Activity
In the copy, include all of the listing exactly and none of its pictures.

*** Opening of Dataset section ***

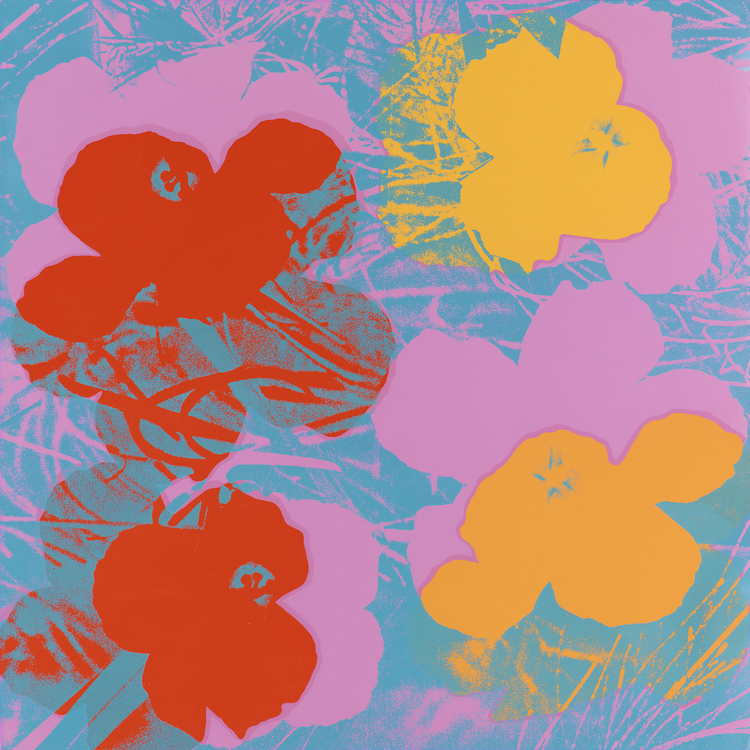 One of Warhol’s most recognizable prints, Flowers was produced in a range of color variations. The image is based on a 1964 photograph of hibiscus blossoms by Patricia Caulfield, originally published in Modern Photography. Created at Warhol’s studio, The Factory, the series exemplifies the detached, mechanical approach that defined his style. The motif was suggested by curator Henry Geldzahler as Warhol prepared for his first solo show at Leo Castelli Gallery, marking a decisive shift from the darker Death and Disaster works that preceded it.
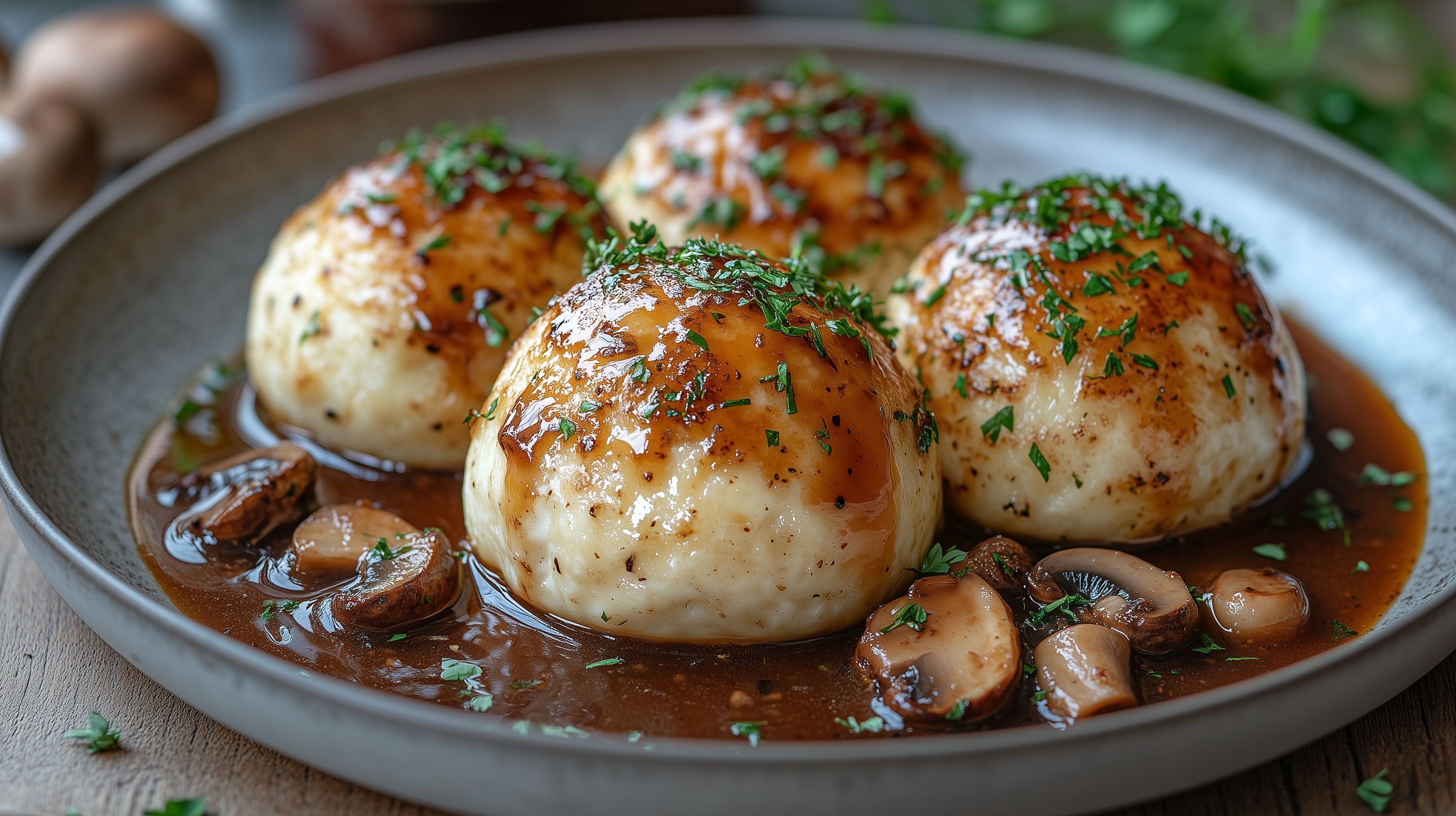 Dieses appetitliche Foto zeigt eine Platte mit frisch zubereiteten, knusprigen Semmelknödeln, die in einer cremigen Pilzsauce serviert werden. Die Knödel haben eine goldbraune Oberfläche und sind mit fein gehackter Petersilie bestreut, was dem Gericht eine natürliche Note verleiht. Die Pilzsauce umhüllt die Knödel und verleiht ihnen einen leckeren Geschmack. Das Arrangement auf dem rustikalen Holztisch ist stimmungsvoll und lädt zum genussvollen Verkosten ein. Dieses hochwertige Stockfoto eignet sich hervorragend für die Verwendung in Blogs, Newslettern, Social-Media-Beiträgen oder Werbematerialien rund um das Thema Kochen, Essen und Kulinarik. Es ist in hoher Auflösung verfügbar und unter einer Creative-Commons-Lizenz frei nutzbar.
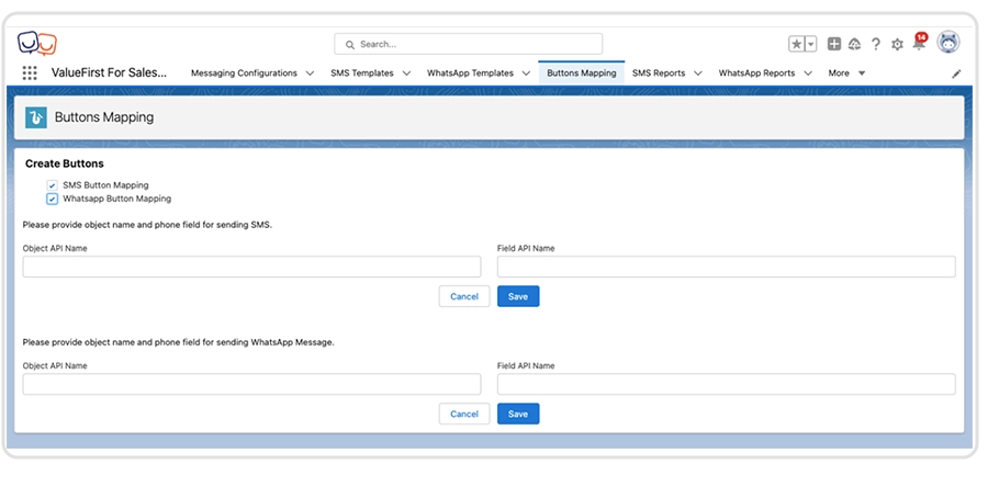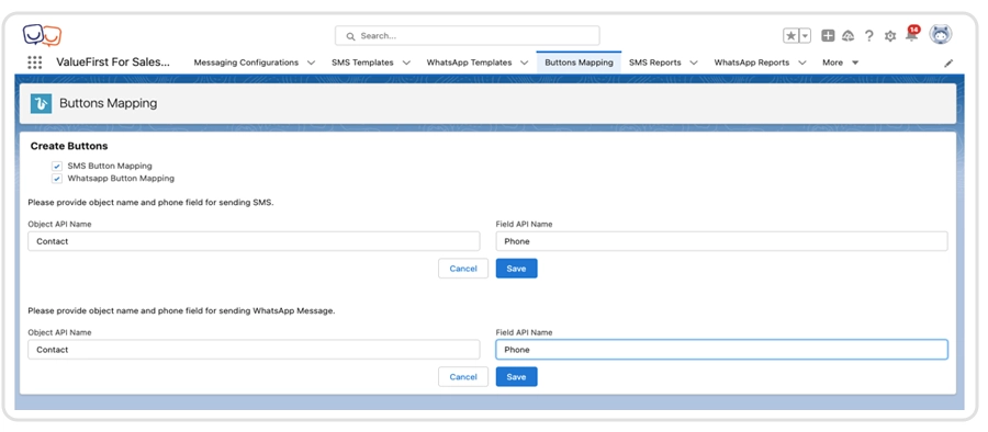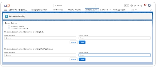 Step 18- Fill in the attributes of both SMS Button Mapping and Whatsapp Button Mapping.
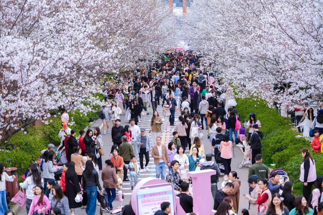 雨后的晚安樱花大道,被覆上一层钴蓝色的柔光。会后,会员们三三两两漫步其间,感受这工业与繁花共绘的沉浸式春宴。

*** Close of Dataset section ***

Response to this task
 One of Warhol’s most recognizable prints, Flowers was produced in a range of color variations. The image is based on a 1964 photograph of hibiscus blossoms by Patricia Caulfield, originally published in Modern Photography. Created at Warhol’s studio, The Factory, the series exemplifies the detached, mechanical approach that defined his style. The motif was suggested by curator Henry Geldzahler as Warhol prepared for his first solo show at Leo Castelli Gallery, marking a decisive shift from the darker Death and Disaster works that preceded it.
 Dieses appetitliche Foto zeigt eine Platte mit frisch zubereiteten, knusprigen Semmelknödeln, die in einer cremigen Pilzsauce serviert werden. Die Knödel haben eine goldbraune Oberfläche und sind mit fein gehackter Petersilie bestreut, was dem Gericht eine natürliche Note verleiht. Die Pilzsauce umhüllt die Knödel und verleiht ihnen einen leckeren Geschmack. Das Arrangement auf dem rustikalen Holztisch ist stimmungsvoll und lädt zum genussvollen Verkosten ein. Dieses hochwertige Stockfoto eignet sich hervorragend für die Verwendung in Blogs, Newslettern, Social-Media-Beiträgen oder Werbematerialien rund um das Thema Kochen, Essen und Kulinarik. Es ist in hoher Auflösung verfügbar und unter einer Creative-Commons-Lizenz frei nutzbar.
 Step 18- Fill in the attributes of both SMS Button Mapping and Whatsapp Button Mapping.
 雨后的晚安樱花大道,被覆上一层钴蓝色的柔光。会后,会员们三三两两漫步其间,感受这工业与繁花共绘的沉浸式春宴。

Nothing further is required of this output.